[[ DATA EXCERPTS open ]]

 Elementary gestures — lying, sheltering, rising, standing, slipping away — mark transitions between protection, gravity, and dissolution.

[[ DATA EXCERPTS closed ]]
[[ DATA EXCERPTS open ]]

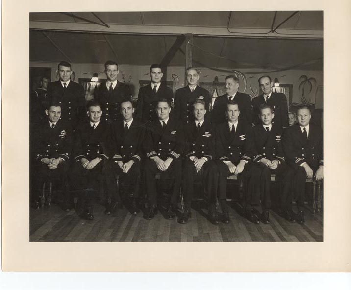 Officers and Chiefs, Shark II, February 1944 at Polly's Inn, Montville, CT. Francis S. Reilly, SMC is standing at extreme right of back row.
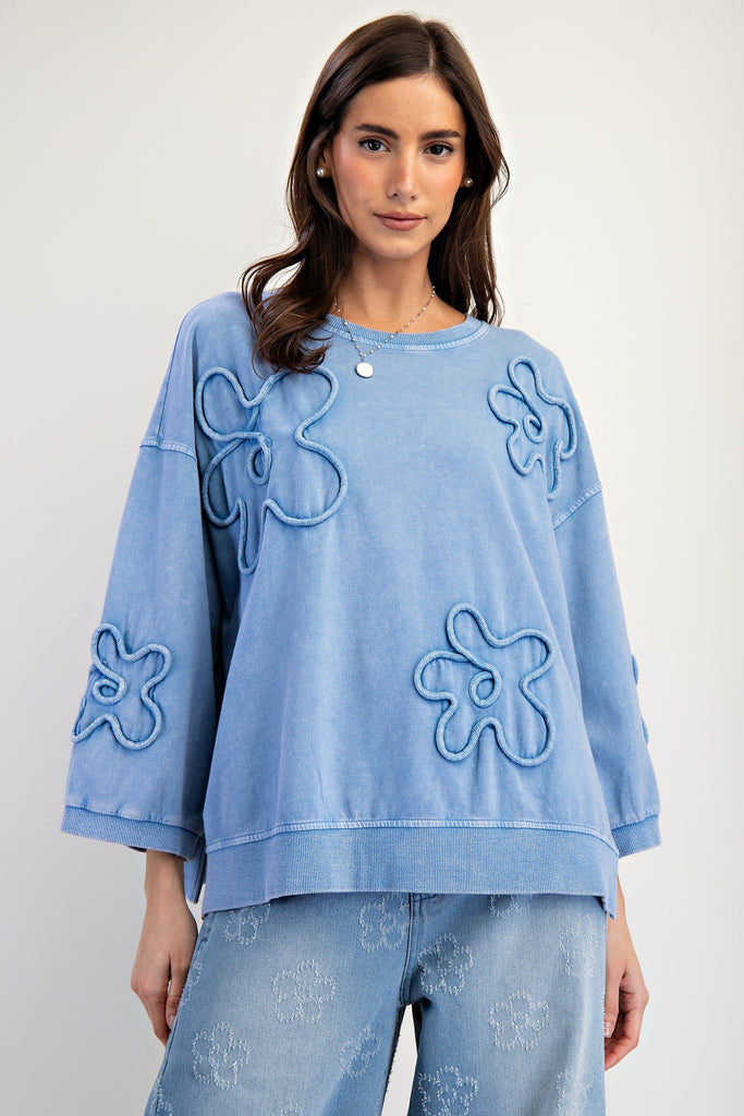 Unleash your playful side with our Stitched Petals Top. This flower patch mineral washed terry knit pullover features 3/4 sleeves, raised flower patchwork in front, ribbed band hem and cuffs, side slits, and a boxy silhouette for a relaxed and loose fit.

[[ DATA EXCERPTS closed ]]
[[ DATA EXCERPTS open ]]

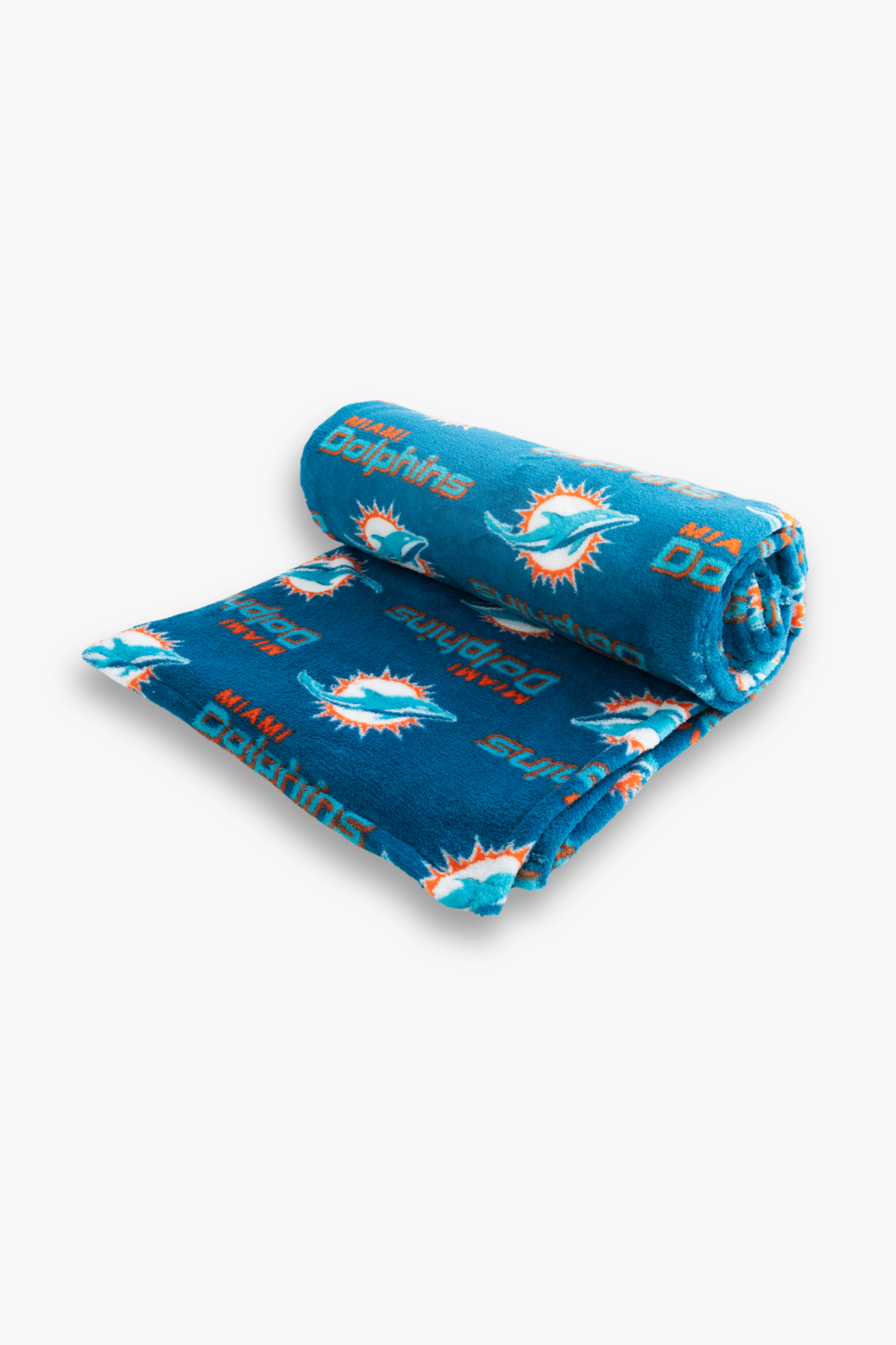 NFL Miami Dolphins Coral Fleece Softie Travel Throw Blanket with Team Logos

[[ DATA EXCERPTS closed ]]

EXERCISE | Copy word for word the lines of the records above from the one with "Officers and Chiefs, Shark" up to and including the one with "Unleash your playful". Skip the pictures.

WRITTEN REPLY |
 Officers and Chiefs, Shark II, February 1944 at Polly's Inn, Montville, CT. Francis S. Reilly, SMC is standing at extreme right of back row.
 Unleash your playful side with our Stitched Petals Top. This flower patch mineral washed terry knit pullover features 3/4 sleeves, raised flower patchwork in front, ribbed band hem and cuffs, side slits, and a boxy silhouette for a relaxed and loose fit.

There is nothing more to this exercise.